Under this line are records; the part from the line containing "Knowledge Distillation (KD)" through the line containing "Ref: Blusa feminina" should be repeated exactly. Please exclude pictures.

> Recorded information:
------

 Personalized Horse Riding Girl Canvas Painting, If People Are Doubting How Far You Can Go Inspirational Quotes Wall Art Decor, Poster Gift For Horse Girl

------

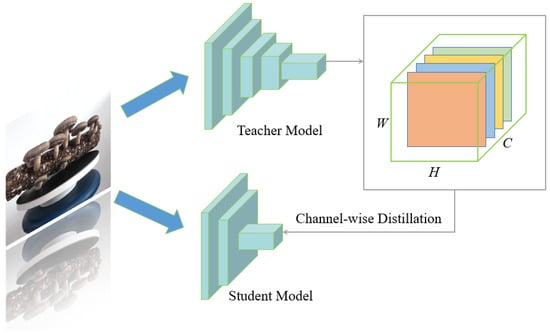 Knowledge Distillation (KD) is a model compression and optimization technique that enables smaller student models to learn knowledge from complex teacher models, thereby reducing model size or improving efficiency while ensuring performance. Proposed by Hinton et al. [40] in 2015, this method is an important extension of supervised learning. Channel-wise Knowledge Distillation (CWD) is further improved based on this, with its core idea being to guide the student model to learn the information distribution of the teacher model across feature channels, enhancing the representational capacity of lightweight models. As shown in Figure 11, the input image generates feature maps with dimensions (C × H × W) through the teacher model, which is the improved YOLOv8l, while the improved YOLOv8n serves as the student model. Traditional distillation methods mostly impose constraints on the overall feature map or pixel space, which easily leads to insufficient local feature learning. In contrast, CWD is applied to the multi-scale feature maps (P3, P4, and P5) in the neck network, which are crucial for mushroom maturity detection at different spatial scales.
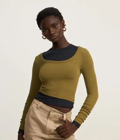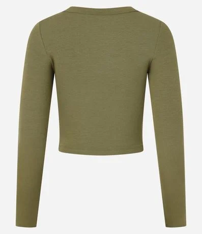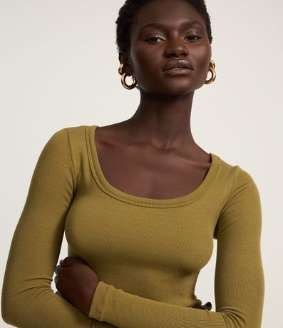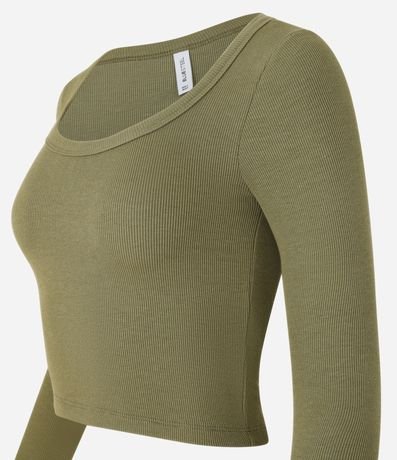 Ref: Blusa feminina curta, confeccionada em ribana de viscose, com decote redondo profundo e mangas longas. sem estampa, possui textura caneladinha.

------

> Worked solution:
 Knowledge Distillation (KD) is a model compression and optimization technique that enables smaller student models to learn knowledge from complex teacher models, thereby reducing model size or improving efficiency while ensuring performance. Proposed by Hinton et al. [40] in 2015, this method is an important extension of supervised learning. Channel-wise Knowledge Distillation (CWD) is further improved based on this, with its core idea being to guide the student model to learn the information distribution of the teacher model across feature channels, enhancing the representational capacity of lightweight models. As shown in Figure 11, the input image generates feature maps with dimensions (C × H × W) through the teacher model, which is the improved YOLOv8l, while the improved YOLOv8n serves as the student model. Traditional distillation methods mostly impose constraints on the overall feature map or pixel space, which easily leads to insufficient local feature learning. In contrast, CWD is applied to the multi-scale feature maps (P3, P4, and P5) in the neck network, which are crucial for mushroom maturity detection at different spatial scales.
 Ref: Blusa feminina curta, confeccionada em ribana de viscose, com decote redondo profundo e mangas longas. sem estampa, possui textura caneladinha.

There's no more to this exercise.